● MATERIAL PROVIDED:
● ● ●
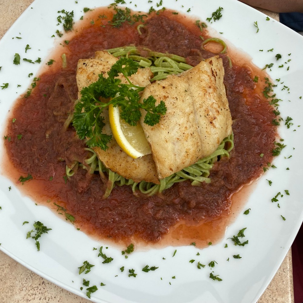 [Kellner:] „Echt? Wow. Das gibt es nicht so oft, das Kinder den Fisch nehmen! Das mit den Gräten ist ja selbst den Erwachsenen oft zu mühsam! Wenn Ihr den aufesst, spendiere ich Euch ein Eis!“
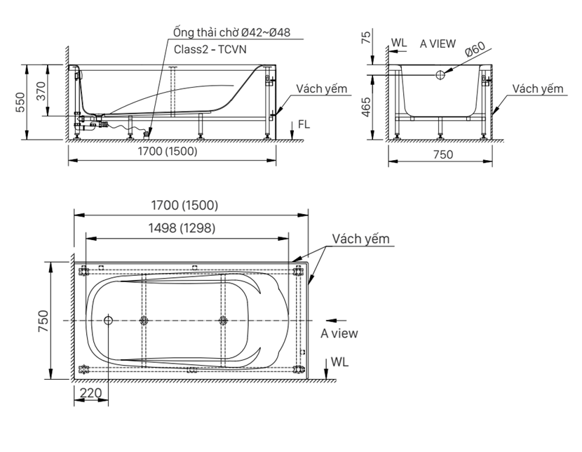 Bồn tắm yếm phải-FBV-1502SR/BWl
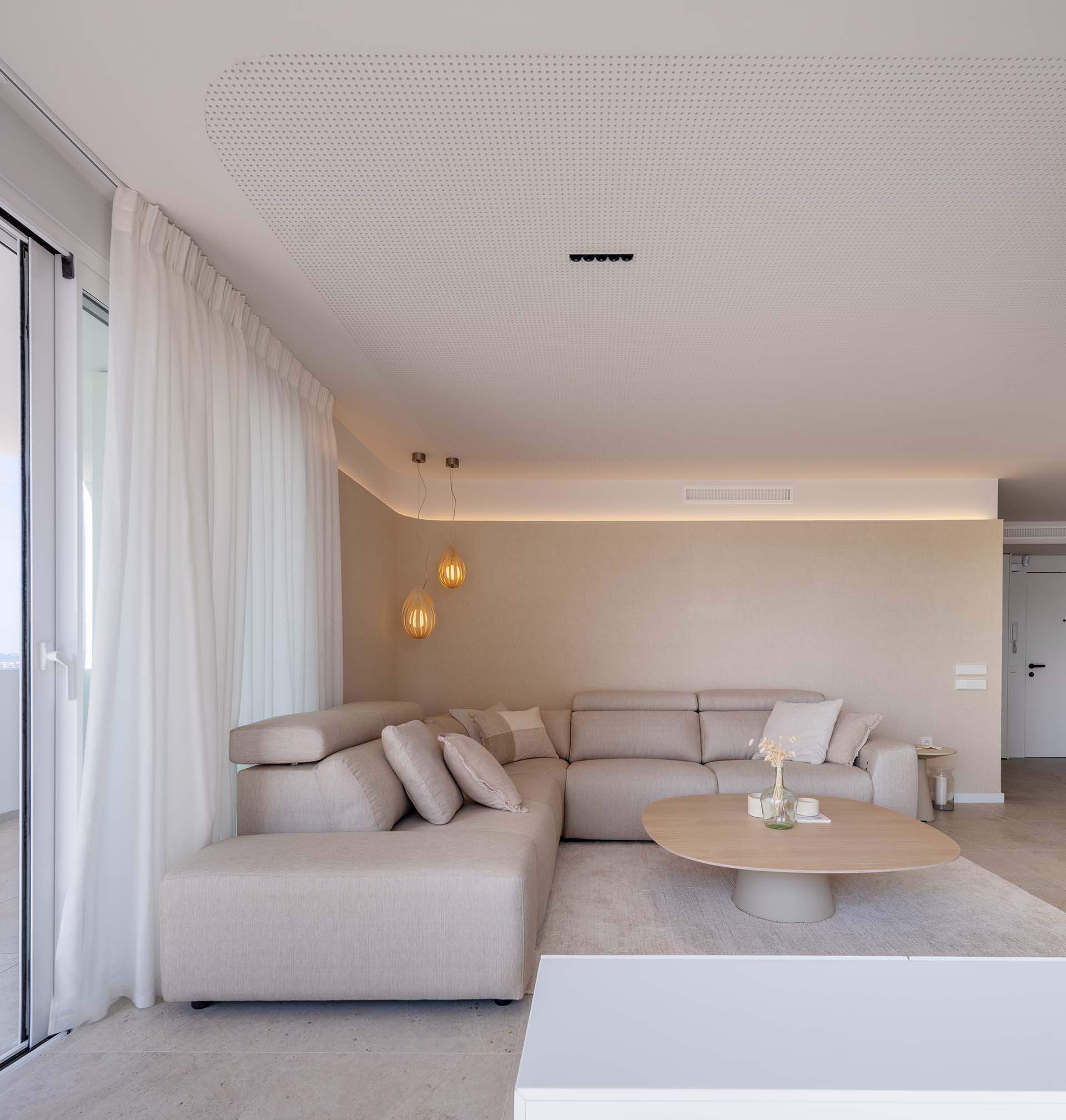 El sofá, con el módulo rinconera curvo, de la firma murciana Pedro Ortiz, está tapizado en la misma gama cromática del proyecto con los tejidos de Elastron (firma textil Murciana).
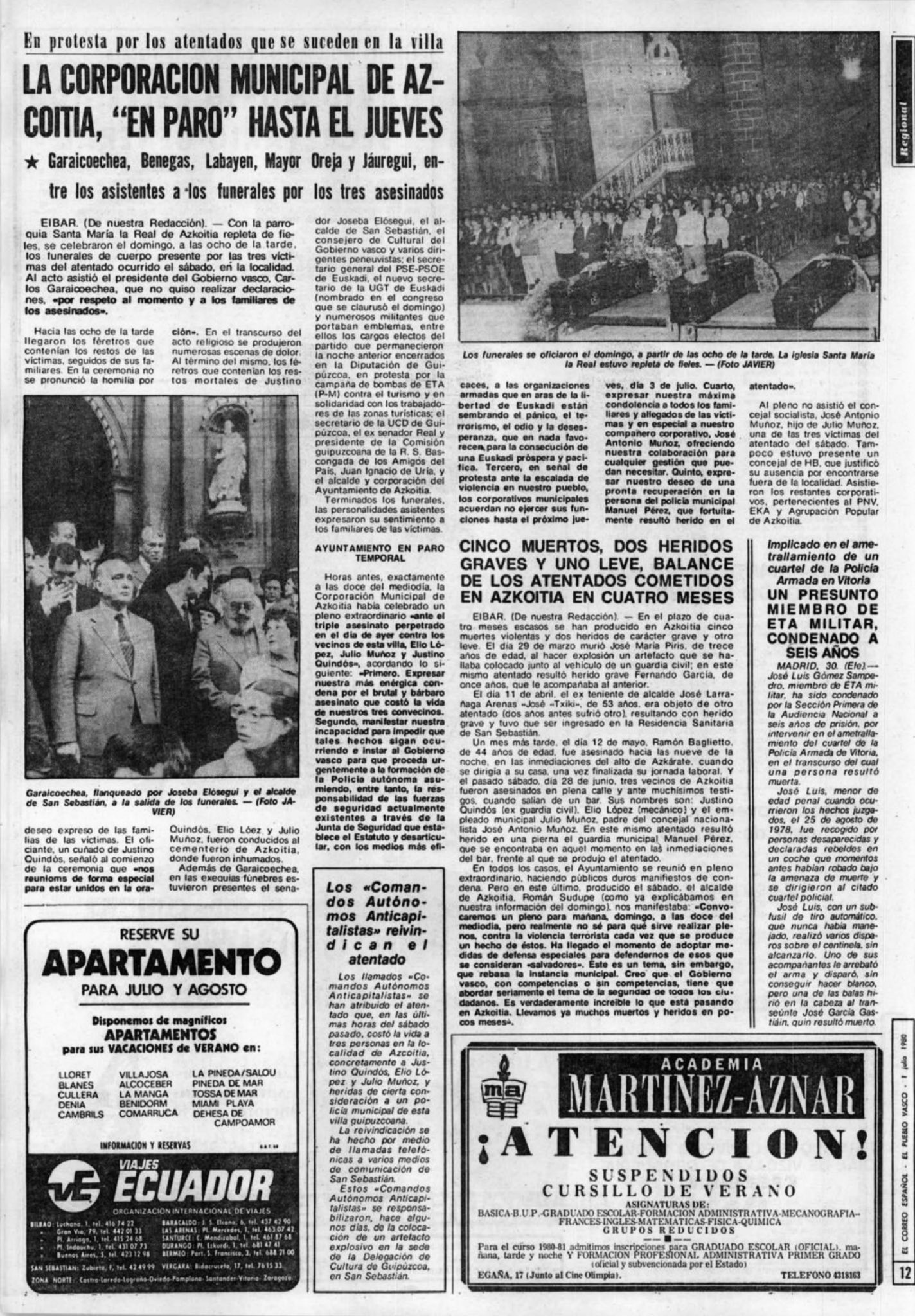 JULIO MUÑOZ GRAU asesinado el 28 de junio de 1980 en Azcoitia
● ● ●
● PROBLEM STATEMENT: Would you please output the listing above exactly, leaving out the pictures?

● RESULT OF THIS EXERCISE:
 [Kellner:] „Echt? Wow. Das gibt es nicht so oft, das Kinder den Fisch nehmen! Das mit den Gräten ist ja selbst den Erwachsenen oft zu mühsam! Wenn Ihr den aufesst, spendiere ich Euch ein Eis!“
 Bồn tắm yếm phải-FBV-1502SR/BWl
 El sofá, con el módulo rinconera curvo, de la firma murciana Pedro Ortiz, está tapizado en la misma gama cromática del proyecto con los tejidos de Elastron (firma textil Murciana).
 JULIO MUÑOZ GRAU asesinado el 28 de junio de 1980 en Azcoitia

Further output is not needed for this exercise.